У входа стоит онемевший Элимелех. В палатке, на постели, сидит дрожащая Машенька. Длинные ее волосы взлохмачены, глаза расширены. Мой брат Иосеф уже рядом с ней, держит ее руку в своей руке.
Потянул я Элимелеха за собой, к бараку. Многих усилий потребовалось, чтобы заставить его открыть рот. Душа, говорит он, требовала – поговорить, в конце концов, с Машенькой, неотложно, не откладывая на завтра. Ведь еще не отзвучали звуки их общей партии «Крейцеровой сонаты» Бетховена. Он и представить не мог себе, что звуки эти уже смолкли в ее сердце. Когда он подошел к ее палатке, в темноте лишь светилась белизна постели и разметанные по этой белизне черные ее волосы. Глядел на спящую девушку Элимелех и не мог рта раскрыть. Вдруг она проснулась, увидела огромную тень у постели. Со сна, со страха начала истерически кричать. Вот и вся правда!
В ту ночь мой брат остался в палатке Машеньки. Несомненно, доказывал ей, что Элимелех намеревался… И пошло это слово гулять по кибуцу, в столовой, во всех углах, во всех бараках и палатках – «намеревался…» И защитниками невинной девушки выступали мой брат Йосеф и Шлойме Гринблат.
И решили судить Элимелеха за беззащитную его любовь и за действие, которое можно было считать непристойным.
Вечер сошел на кибуц. Сидели мы с Элимелехом у входа в его шалаш, на ветвях эвкалипта. Малая птица парила в воздухе, и весь покой вселенной был в этом ее парении. Она почти застыла в одной точке, словно бы сам воздух держал ее на своих струях.
Элимелех не сводил с нее взгляд:
«Насколько она тиха и спокойна».
«Удивительно спокойна».
«Я ее не понимаю».
«Птицу?
«Машеньку не понимаю. Вот уже неделю, со дня концерта, она со мной не разговаривает при людях. Иногда я встречаю во дворе одну, и тогда она тайком кивает мне головой, и тут же убегает. Не понимаю ее, Соломон».

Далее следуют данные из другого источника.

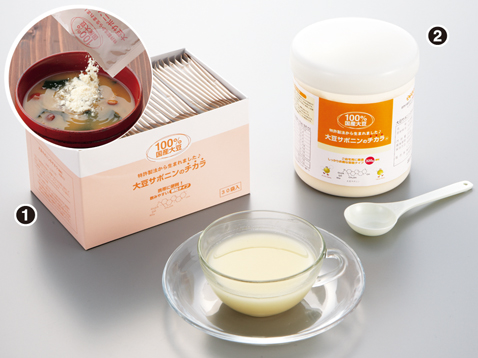 サポニンにはこの動脈硬化と身体の酸化(=老化)を予防するといわれています。このようにサポニンは非常に体にいいものの、大豆の苦みの素ともなっており、今まで「おいしく摂取する」ことが難しいのが現状でした。また、大豆サポニンは絞りかす(おから)部分に多く含まれており、搾り汁からできている豆乳や豆腐からでは摂取が難しい栄養素でした。しかし、本商品では、特許製法でサポニンの栄養成分はそのまま、粉末化に成功しました。
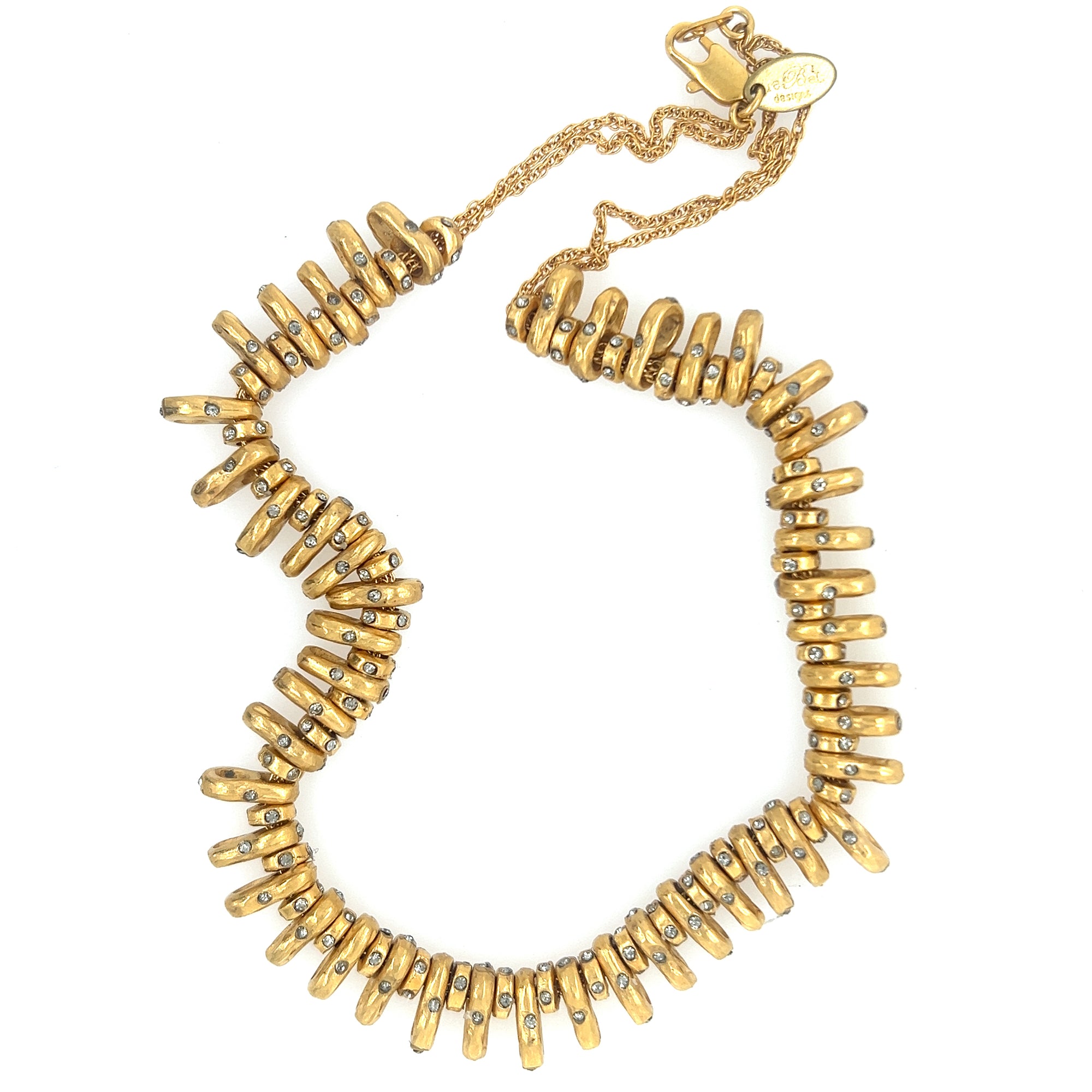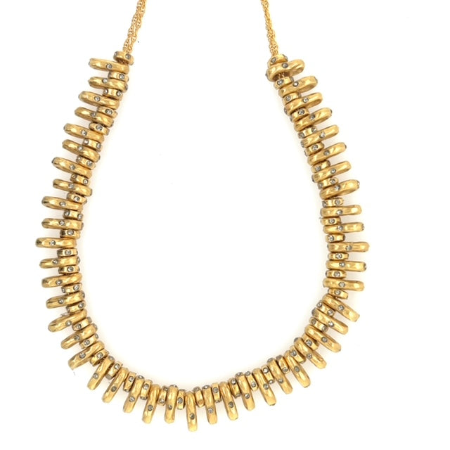 Rebel Hi Lo crystal stacked necklace. 18K gold plate with black diamond crystals. 14"chain with 2" extender. Handcrafted in Brooklyn. Style # RR286

«Ну, что ты не понимаешь? Все из-за случая в ее палатке».
«Но она ведь может сказать правду, что ничего в палатке не было. Она ведь единственная знает всю правду».
«Элимелех, мой тебе совет: оставь ее в покое».
«Оставить ее в покое? Нет! Я не могу оставить ее в покое. Но, быть может, осталось мне одно, любить издали, безмолвно. Надеяться на чудо».
Внезапно раздался удар железа о железо, в этой тишине подобный удару колокола. Всех созывали на ужин. Говорю:
«Пошли ужинать».
«Нет, я не могу появляться среди людей».
«Ерунда. Ты не можешь закрыться в этом шалаше, как узник в тюремной камере».
«Я узник, Соломон, узник всех этих низких сплетен, отдаляющих от меня Машеньку».
«Что это за разговоры, Элимелех? Узник, узник. Столовая твоя так же, как и всех».
«Но я не могу там высоко держать голову, Соломон».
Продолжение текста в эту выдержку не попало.